I would have thought, from that logic, that you could just as well expect an
infinite loop (“XXXXXX…”) rather than just “XX” - why does /.*/ not keep
matching that same 0-char gap at the end?
^ and $ are special and they consume no chars and so are not really
‘matched’
in the same way…
your regex says ‘zero or more chars before the end of a string’ so you get
^ 1 2 3 - 4 5 6 $
^
the first go then then scanning starts again - the problem is that it’s
then
looking for something potentially zero widthed followed by something zero
widthed - which is always going to match (again). i guess the difference
for
the second match is that it does not advance the scanner ptr and can
therefore
know it’s done… it does seem odd, but without that behaviour it would
be
hard to match empty strings, line boundries, and other zero widthed
things…
for instance if you did this
“123-456”.gsub(/.*|$/, ‘X’)
you would expect ‘XX’, where the second ‘X’ is inserted into a zero width
position and ‘.’ does not include ‘$’ and yet this is realy the same
exact
behaviour - scanning is done again from the non-space before the end of
line,
allowing you to finally match ‘$’ which '.’ did not consume.

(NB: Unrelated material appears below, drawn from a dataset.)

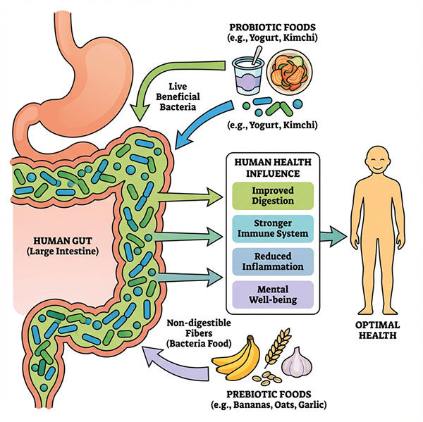 In addition to being probiotic, kimchi also functions as a prebiotic food. The vegetables used in kimchi—such as cabbage, radish, garlic, onion, and spring onion—are rich in dietary fiber and natural plant compounds that beneficial gut bacteria use as fuel. These prebiotic components help nourish and sustain the probiotic microorganisms already present in the digestive system, supporting their growth and activity over time.

regexs can be so tricky, i try to use these rules with them
always use both ^ and $ (this makes it a lot harder to write the
expression
too!)
never use .* (or * at all really)
the last is actually pretty important - we use a product here, ldm (local
data
manager), that scans a huge memeory mapped queue full of data products
matched
a list of actions against the product tags. the list of actions use
regexps
and all of ours had ‘.*’ in them. top showed the ldm process at around
30%
···
cpu - reworking the patterns to not include ‘.*’ dropped it off the rader.
EMAIL :: Ara [dot] T [dot] Howard [at] noaa [dot] gov
PHONE :: 303.497.6469
ADDRESS :: E/GC2 325 Broadway, Boulder, CO 80305-3328
URL :: Solar-Terrestrial Physics Data | NCEI
TRY :: for l in ruby perl;do $l -e “print "\x3a\x2d\x29\x0a"”;done
“Dave Burt” burtdav@hotmail.com schrieb im Newsbeitrag
news:UJgpc.38870$TT.13050@news-server.bigpond.net.au…
I would have thought, from that logic, that you could just as well expect
an
infinite loop (“XXXXXX…”) rather than just “XX” - why does /.*/ not keep
matching that same 0-char gap at the end?
I thought that for a moment, too. But he gave the answer already:
i guess the difference for
the second match is that it does not advance the scanner ptr and can
therefore
know it’s done…
Definitely! What strikes me odd is, that the engine must know start
and
end of the match. So it could relaize that end is at the end.
Well you can have another explanation in ‘man 7 regex’ (linux) (or
another
way to see it)
Match lengths are measured in characters, not collating elements.
A
null string is considered longer than no match at all.
It’s in the case of null string vs no match
This reminds me of the mathematician that found an epsilon so small, that -
if you divided it in halves - it was already negative.
Epsilon transitions is a very interesting feature of regexp… I like them.
However variable-width lookbehind with subcaptures and backreferences are
even more amazing (that would be suitable to a small research project).